Landmark case for Surrogacy

On 4 May 2012, the New South Wales Supreme Court found for the first time in Australia that a same-sex couple to be the parents of a baby that was born through a surrogate, with a court ruling it was in the child’s “best interests”. The case in particular is Application of MM and KF re FM [2012] NSWSC 445. The names of the parties have been removed in accordance with the guidelines given under the UCPR.

In transferring the guardianship of the child to the two men, Justice Paul Brereton was satisfied the pregnancy wasn’t the result of an illegal commercial agreement and that the woman who carried the baby wasn’t paid to do so. Justice Brereton noted that it was

“the first application under the Act of which I am aware in which in the intended parents are a same sex couple”.

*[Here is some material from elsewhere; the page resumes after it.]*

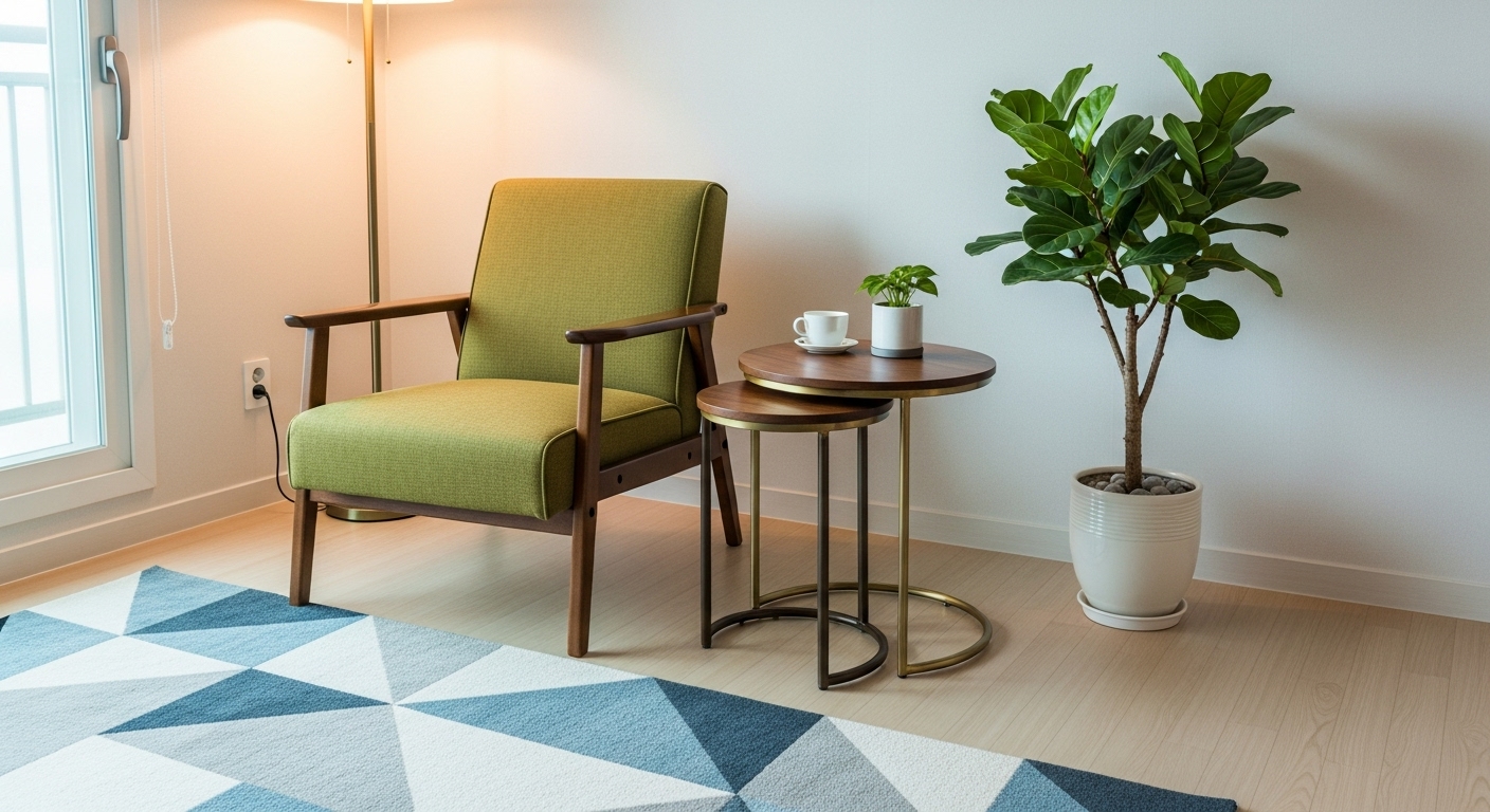 20평대 아파트 확장형 거실에 어울리는 미드센츄리 모던 스타일 가구 배치와 소품 활용법

The Surrogacy Act, brought into effect last year, is part of new legislation in NSW intended to make it easier and more acceptable for parentage to be transferred in surrogacy arrangements. It allows for altruistic surrogacy arrangements, where the birth mother is only reimbursed for costs associated with the pregnancy. The Surrogacy Act also imposes penalties for parties entering into commercial surrogacy arrangements.

The court heard the three had only an “oral arrangement” for the surrogacy but at the hearing, an affidavit from the birth mother was tendered indicating her consent to the two men being declared the parents. The child, born in April 2010, now has the two Sydney men as parents, with the birth mother agreeing to no longer be recognised on the birth certificate.

The Surrogacy Act also says that when the child turns 18 the child is entitled to receive their original birth certificate and their full birth history.

This is certainly a good start to the legislation and shows that despite the requirements of the Surrogacy Act, the judiciary is flexible in relation to interpreting the legislation and making decisions on its own. We look forwards to more successful applications in the future.